Stored data:
%%

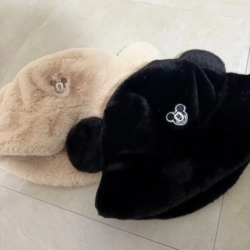 • 미키마우스 귀 달린 퍼 모자
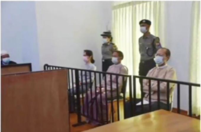아웅산 수치(왼쪽) 미얀마 국가 고문과 윈민 대통령이 24일(현지시간) 수도 네피도의 특별 법정에 출석해 있다. 수치 고문은 지난 2월1일 미얀마 군부 쿠데타 이후 처음으로 법정에 출석했다. 사진은 미얀마 군부의 미야와디 TV 화면. [AP 뉴시스]
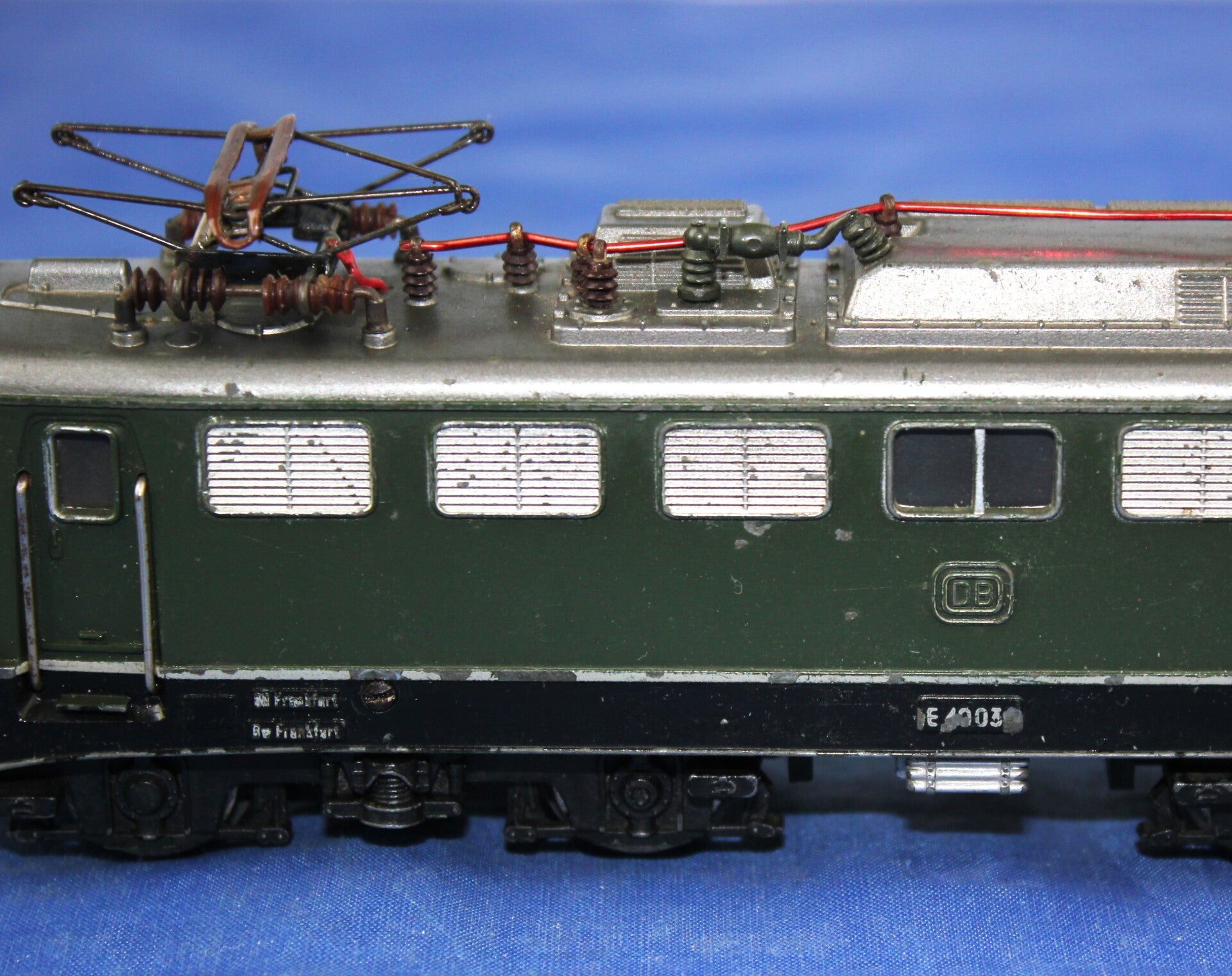Pantografen met bruine isolatoren.

%%

What is needed:
Leave the pictures out and print the whole listing precisely.

Answer to this problem:
 • 미키마우스 귀 달린 퍼 모자
아웅산 수치(왼쪽) 미얀마 국가 고문과 윈민 대통령이 24일(현지시간) 수도 네피도의 특별 법정에 출석해 있다. 수치 고문은 지난 2월1일 미얀마 군부 쿠데타 이후 처음으로 법정에 출석했다. 사진은 미얀마 군부의 미야와디 TV 화면. [AP 뉴시스]
Pantografen met bruine isolatoren.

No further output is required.